■ Data excerpt:
<<<<
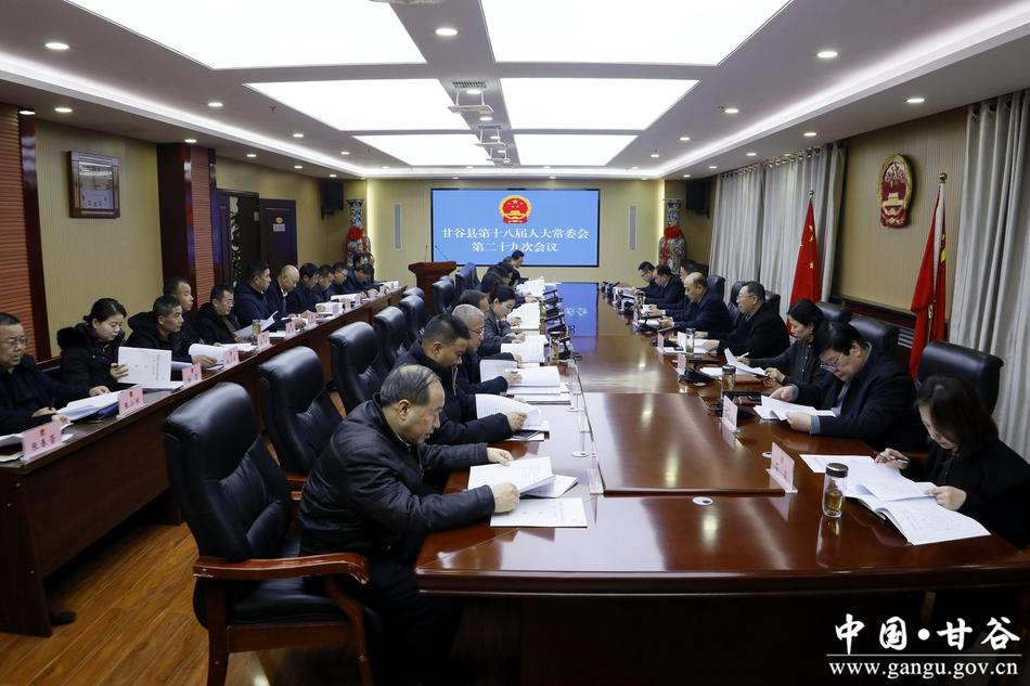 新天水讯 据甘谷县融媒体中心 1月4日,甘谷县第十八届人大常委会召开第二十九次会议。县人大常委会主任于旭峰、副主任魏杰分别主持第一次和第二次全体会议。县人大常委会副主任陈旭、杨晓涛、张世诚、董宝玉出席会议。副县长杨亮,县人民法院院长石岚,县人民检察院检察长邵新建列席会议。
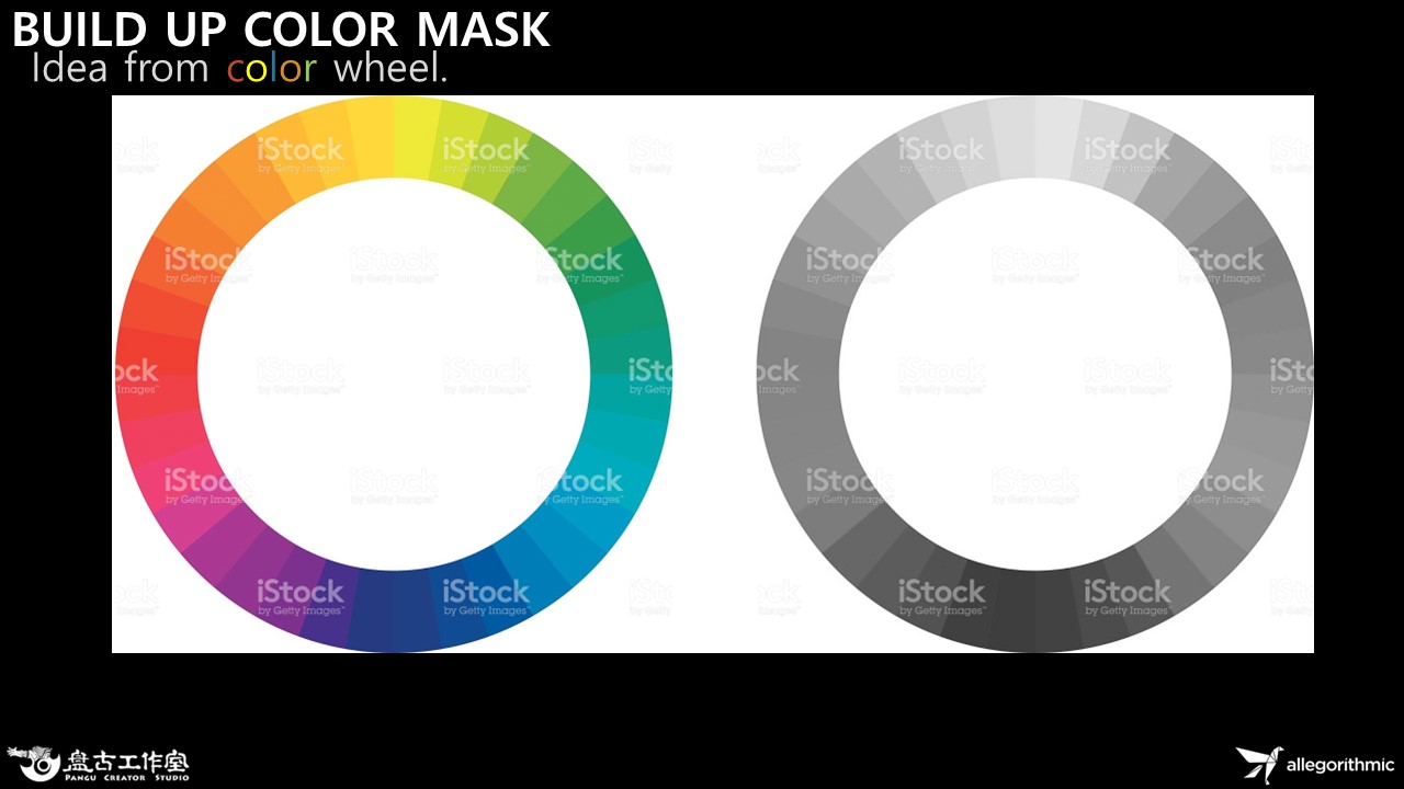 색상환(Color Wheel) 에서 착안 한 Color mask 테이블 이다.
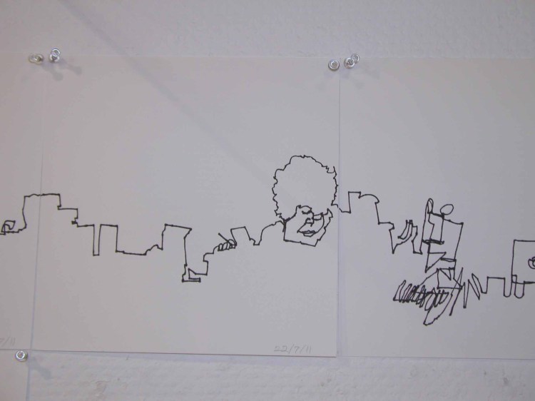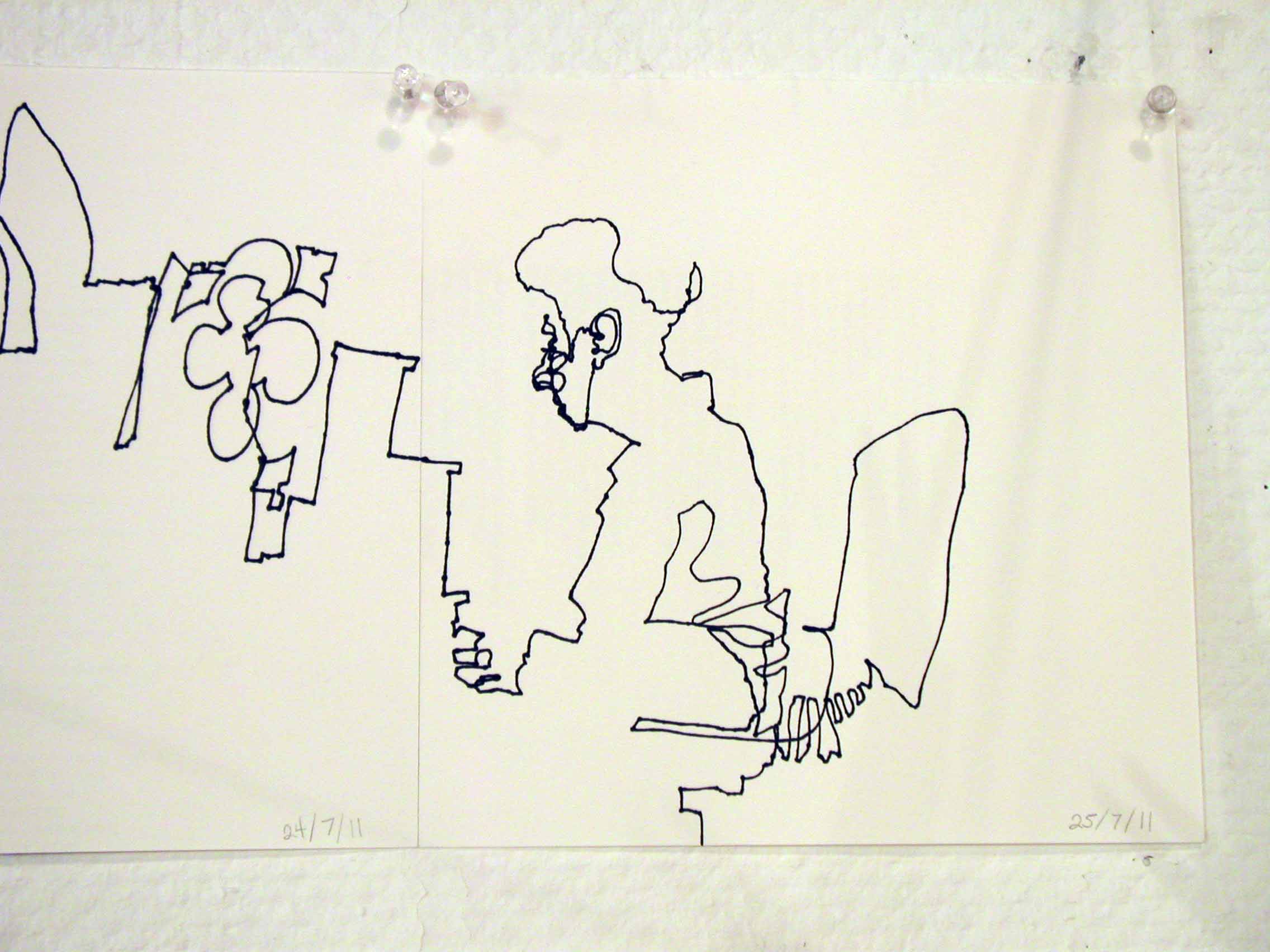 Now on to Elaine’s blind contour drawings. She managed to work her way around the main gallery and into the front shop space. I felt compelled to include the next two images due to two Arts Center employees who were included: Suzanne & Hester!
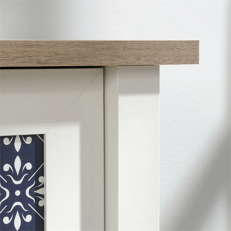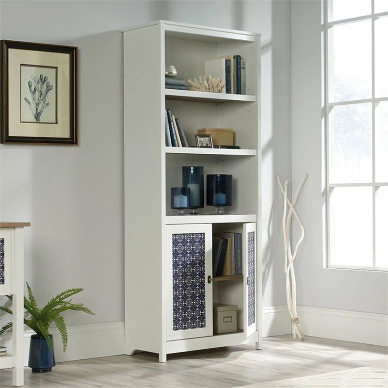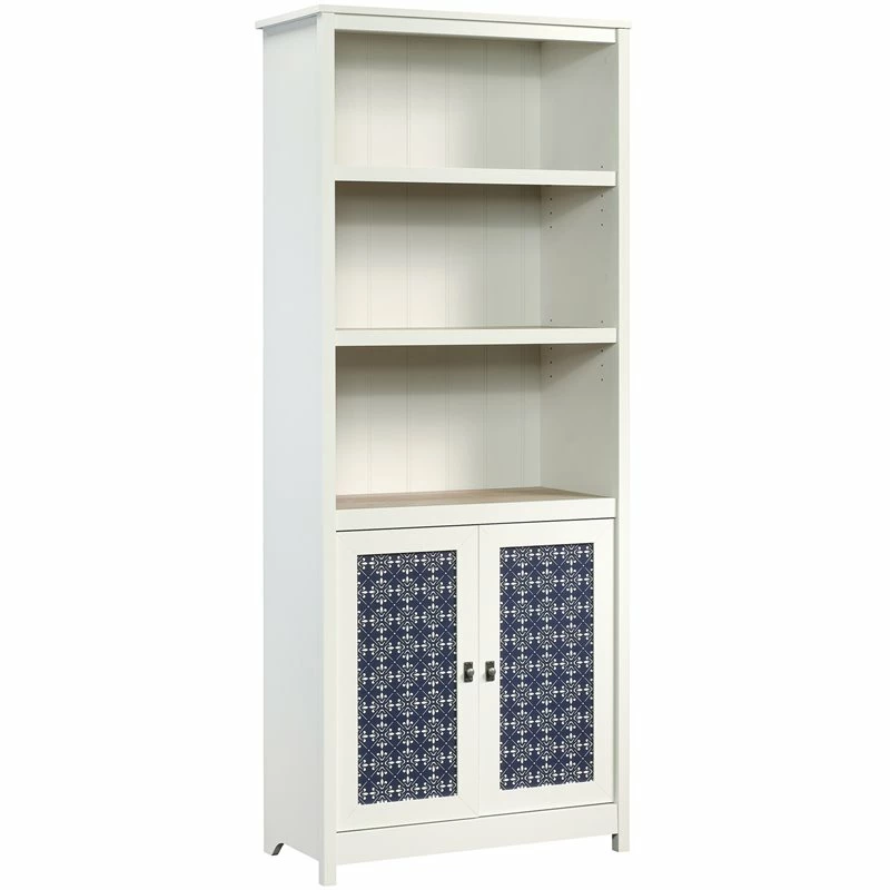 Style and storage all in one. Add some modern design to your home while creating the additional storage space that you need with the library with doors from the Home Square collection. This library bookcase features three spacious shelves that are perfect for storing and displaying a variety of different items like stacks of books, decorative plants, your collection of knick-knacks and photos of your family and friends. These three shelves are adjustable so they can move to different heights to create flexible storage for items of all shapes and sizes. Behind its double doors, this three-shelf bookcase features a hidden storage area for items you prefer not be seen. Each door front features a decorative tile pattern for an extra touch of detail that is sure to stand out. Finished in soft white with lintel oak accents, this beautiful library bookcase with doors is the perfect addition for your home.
>>>>
■ Aim of the exercise: Reproduce the data above exactly, but only from the line containing "색상환(Color Wheel) 에서 착안 한 Color mask 테이블 이다." through the line containing "Now on to Elaine’s". Omit all pictures.

■ Output for this exercise:
 색상환(Color Wheel) 에서 착안 한 Color mask 테이블 이다.
 Now on to Elaine’s blind contour drawings. She managed to work her way around the main gallery and into the front shop space. I felt compelled to include the next two images due to two Arts Center employees who were included: Suzanne & Hester!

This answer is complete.